Primus in orbe deos fecit timor: “Fue el miedo lo primero que puso dioses en la Tierra”.
Extraña frase para comenzar un escrito sobre un libro que habla de iconografía “casual” del corazón (Metáforas y metamorfosis del corazón, Pinacoteca Editores, México, 2011), y más para hablar de un reconocido cardiólogo, el doctor Jorge Oseguera, famoso y renombrado médico entregado al compromiso de atender a terceros, pero por algo tenemos que empezar y no en balde haremos referencia a la historia y al desarrollo científico de algunos siglos atrás.
Nos trasladaremos a la invasión de Constantinopla por los turcos en 1453. Esta fecha —y adelanto que no intento formular un juego epistolar con quien no esté de acuerdo con el enunciado— bien puede ser tomada como el inicio del Renacimiento. Razones las hay a favor y seguramente también en contra, pero se puede decir que comienza en forma “oficial” el intercambio cultural, científico, comercial, intelectual, técnico, militar, etcétera, entre Medio Oriente y Occidente. Periodo maravilloso ya que el intercambio de conocimientos a través de medios escritos (libros, documentos) de herramientas, de cultura en todas sus expresiones, generó en aportaciones un gran paso para la humanidad, sin importar credos, nacionalidades, ideologías ni fronteras. El hombre que cientos de años atrás había incursionado por diferentes regiones del planeta, encontraba una mayor disposición de canales de comunicación para compartir sus conocimientos, experiencias y relatos.

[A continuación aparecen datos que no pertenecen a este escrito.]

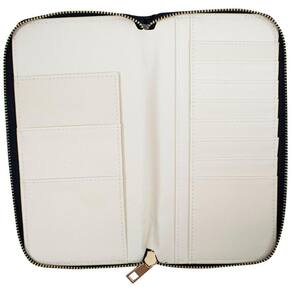 Carteira com 23 x 12 cm de dimensão espaçoso para colocar mais de 12 cartões, dinheiro e cheque. Use também para levar documentos e passaporte. Na cor preta com estampa do rosto da Minnie brilhante dourado e sua assinatura.

Gerardo de Cremona tradujo, en el siglo XII, el maravilloso libro de Claudio Ptolomeo, Almagesto (“El más grande”), escrito en el siglo II. Una recopilación de quinientos años de observación astronómica realizada en Medio Oriente por los árabes (permítaseme el genérico).
Los acontecimientos y descubrimientos comienzan a emanar de las aportaciones llegadas de ultramar y, a su vez, de los conocimientos acumulados por otras y “exóticas” culturas.
Nicolás Copérnico (1473-1543), quien estudió medicina en Bolonia y Padua, realizó los primeros estudios y experimentos para obtener el telescopio, herramienta con la que pudo conocer a detalle ciertos movimientos astrales que le dieron el material necesario para publicar, aunque de forma póstuma, De Revolutionibus Orbium Coelestium en 1543, lo que sentó las bases para los estudios de la bóveda celestial ayudado por cristales tallados y colocados de tal forma que permiten el acercamiento de cuerpos alejados al ojo observador.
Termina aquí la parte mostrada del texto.